One of the most important structural features of Aexion Coin is its deflationary burn mechanism. Unlike inflationary tokens that dilute holders over time, AEX is designed to become progressively scarcer as the network grows.
How the burn works
Every transaction processed on the Aexion network results in a small percentage of the AEX fee being sent to a burn address — a wallet with no private key from which tokens can never be recovered. These tokens are permanently removed from the circulating supply.
The burn is not a marketing event or a one-time action. It is a protocol-level mechanic that activates automatically on every on-chain interaction: token transfers, smart contract calls, DeFi transactions, and AI layer queries.

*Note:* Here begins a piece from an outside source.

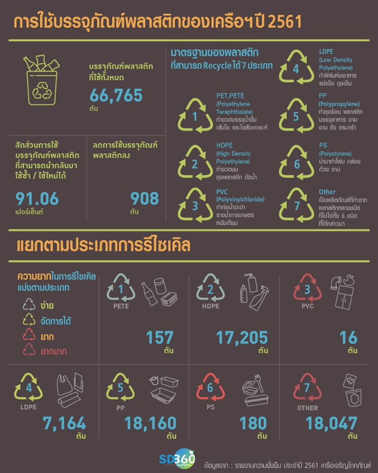 มีข้อมูลว่าตลอดปี 2562 แต่ละค้าปลีกทยอยลดให้ถุงพลาสติกต่อเนื่อง ตั้งแต่ 4 ธันวาคม 2561 ถึง 31 สิงหาคม 2562 พบว่า ผู้ค้าปลีกไทยกว่า 40 แห่งทั่วประเทศ ได้รณรงค์งดให้ถุงพลาสติก ผ่านกิจกรรมหลากหลายวิธี ตั้งแต่ไม่รับถุงพลาสติกได้คะแนนสะสมมูลค่า 1-3 บาท บริจาคเป็นเงินเข้าองค์กรการกุศลต่างๆ ซึ่งสามารถช่วยลดปริมาณการใช้ถุงพลาสติกหูหิ้วแล้วกว่า 2,000 ล้านใบ หรือประมาณ 5,755 ตัน คิดเป็นมูลค่ากว่า 400 ล้านบาท หรือร้อยละ 4.6 โดยปี 2563 ยังนำแคมเปญ “งดให้ งดรับ” ถุงพลาสติกหูหิ้วทุกวันมาใช้อย่างจริงจังซึ่งรวมถึงร้านเซเว่นฯของซีพีออลล์
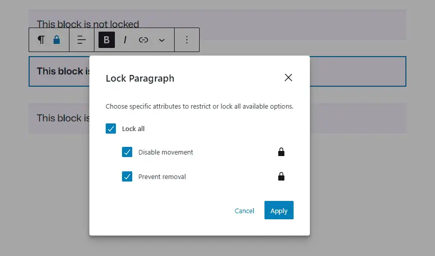 You can prevent blocks from being moved, removed, or even edited. This gives you more control over your layout and content structure.

Why deflation benefits holders
Basic economics: if demand stays constant and supply decreases, price tends to rise. The burn mechanism means that every new user, every new dApp, and every new transaction on Aexion directly benefits long-term AEX holders by reducing the tokens available in circulation.

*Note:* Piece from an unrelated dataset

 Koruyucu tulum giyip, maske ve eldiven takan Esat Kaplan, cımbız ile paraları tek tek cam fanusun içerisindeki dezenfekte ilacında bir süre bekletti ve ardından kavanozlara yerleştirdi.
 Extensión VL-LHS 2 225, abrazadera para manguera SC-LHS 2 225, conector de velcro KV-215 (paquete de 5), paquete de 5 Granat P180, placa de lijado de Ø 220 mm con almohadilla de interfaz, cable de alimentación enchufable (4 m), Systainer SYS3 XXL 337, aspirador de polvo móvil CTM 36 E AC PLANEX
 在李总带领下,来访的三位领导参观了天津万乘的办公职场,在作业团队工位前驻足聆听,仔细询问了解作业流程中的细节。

- Network growth = supply reduction: more activity means more burns
- Verifiable on-chain: every burn is publicly visible and auditable
- Automatic: no governance vote needed, no team control over the rate
- Tied to AI usage: queries to the on-chain AI engine also trigger burns
Comparison with other deflationary tokens
Ethereum introduced EIP-1559, which burns a portion of gas fees. This mechanism helped ETH become deflationary during periods of high network usage. Aexion takes this concept further by tying burns not just to transaction volume but also to AI layer utilization — a usage category that is expected to grow significantly as on-chain AI applications proliferate.
What this means for presale buyers
Buying AEX during Phase 1 at 0.0005 USDT means acquiring tokens before the network is live and before any burns have occurred. As the mainnet launches and transaction volume grows, every burn reduces the total supply relative to what presale buyers hold. Early holders therefore benefit most from the long-term deflationary effect.